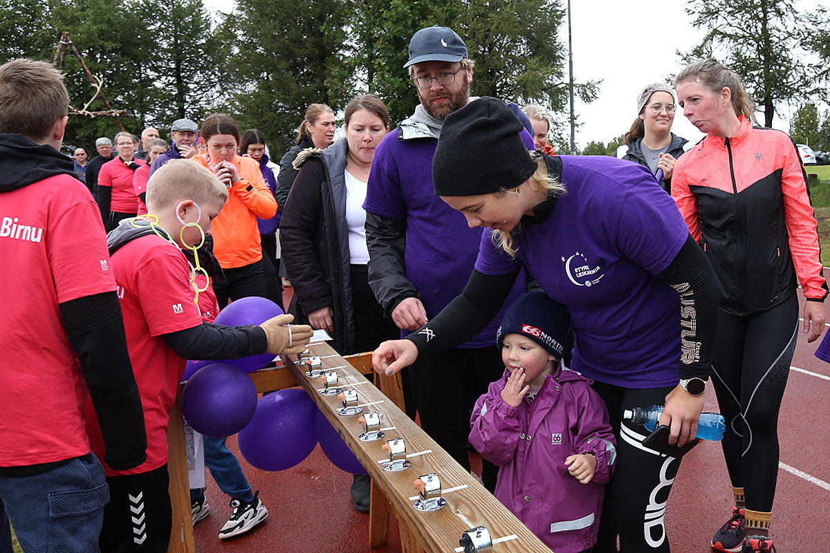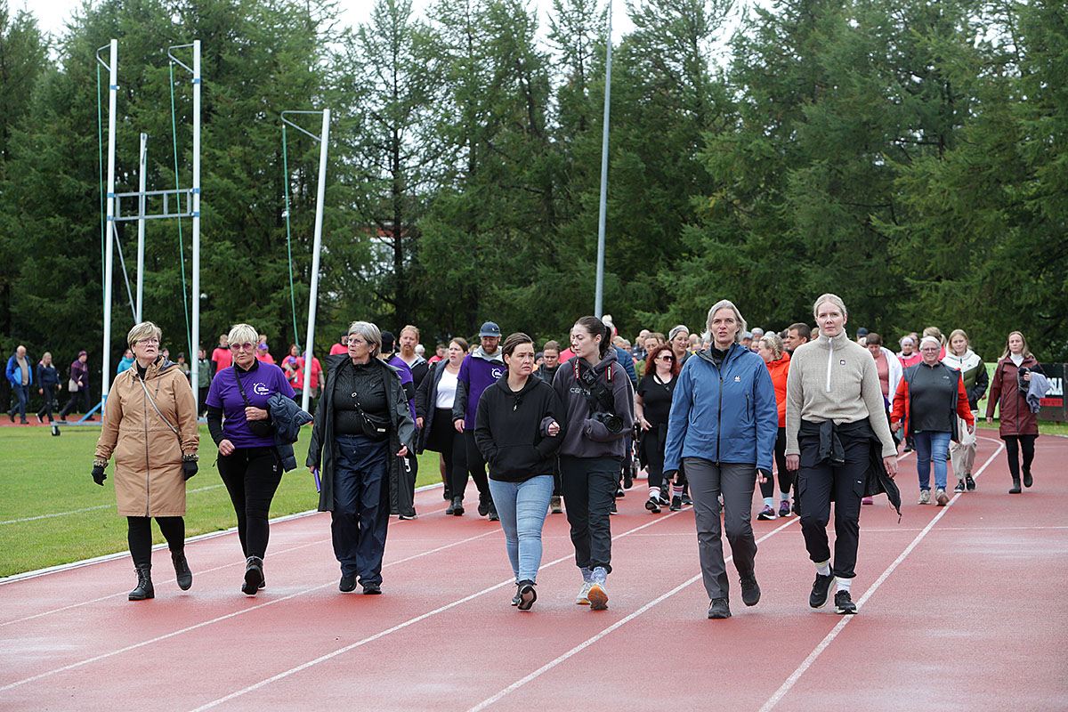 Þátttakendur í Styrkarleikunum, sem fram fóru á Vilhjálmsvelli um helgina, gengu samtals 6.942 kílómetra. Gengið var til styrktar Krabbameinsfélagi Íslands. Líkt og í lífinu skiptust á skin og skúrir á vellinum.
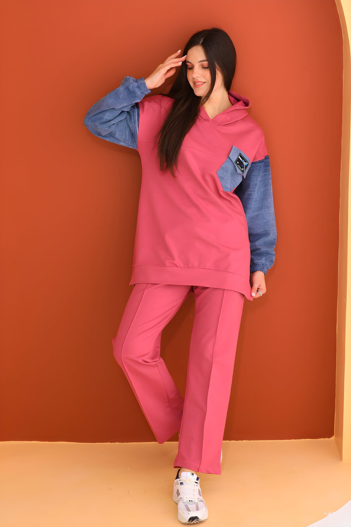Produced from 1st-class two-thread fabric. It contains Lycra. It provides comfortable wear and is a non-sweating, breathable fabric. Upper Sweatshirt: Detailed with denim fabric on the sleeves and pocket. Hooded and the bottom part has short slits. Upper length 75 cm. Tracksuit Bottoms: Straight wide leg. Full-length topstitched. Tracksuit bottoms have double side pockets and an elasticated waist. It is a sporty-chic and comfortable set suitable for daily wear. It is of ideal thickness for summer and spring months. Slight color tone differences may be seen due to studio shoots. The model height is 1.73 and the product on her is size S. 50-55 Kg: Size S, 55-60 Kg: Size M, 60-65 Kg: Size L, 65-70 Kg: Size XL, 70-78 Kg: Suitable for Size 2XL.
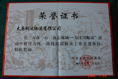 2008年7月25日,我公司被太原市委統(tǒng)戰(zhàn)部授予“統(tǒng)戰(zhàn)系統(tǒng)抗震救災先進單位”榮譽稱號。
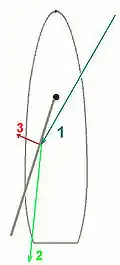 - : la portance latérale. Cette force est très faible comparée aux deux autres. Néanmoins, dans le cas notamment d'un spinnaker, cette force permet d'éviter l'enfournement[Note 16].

● Task description:
The whole listing above is to be printed again exactly; pictures stay out of it.

● Task answer:
 Þátttakendur í Styrkarleikunum, sem fram fóru á Vilhjálmsvelli um helgina, gengu samtals 6.942 kílómetra. Gengið var til styrktar Krabbameinsfélagi Íslands. Líkt og í lífinu skiptust á skin og skúrir á vellinum.
Produced from 1st-class two-thread fabric. It contains Lycra. It provides comfortable wear and is a non-sweating, breathable fabric. Upper Sweatshirt: Detailed with denim fabric on the sleeves and pocket. Hooded and the bottom part has short slits. Upper length 75 cm. Tracksuit Bottoms: Straight wide leg. Full-length topstitched. Tracksuit bottoms have double side pockets and an elasticated waist. It is a sporty-chic and comfortable set suitable for daily wear. It is of ideal thickness for summer and spring months. Slight color tone differences may be seen due to studio shoots. The model height is 1.73 and the product on her is size S. 50-55 Kg: Size S, 55-60 Kg: Size M, 60-65 Kg: Size L, 65-70 Kg: Size XL, 70-78 Kg: Suitable for Size 2XL.
 2008年7月25日,我公司被太原市委統(tǒng)戰(zhàn)部授予“統(tǒng)戰(zhàn)系統(tǒng)抗震救災先進單位”榮譽稱號。
 - : la portance latérale. Cette force est très faible comparée aux deux autres. Néanmoins, dans le cas notamment d'un spinnaker, cette force permet d'éviter l'enfournement[Note 16].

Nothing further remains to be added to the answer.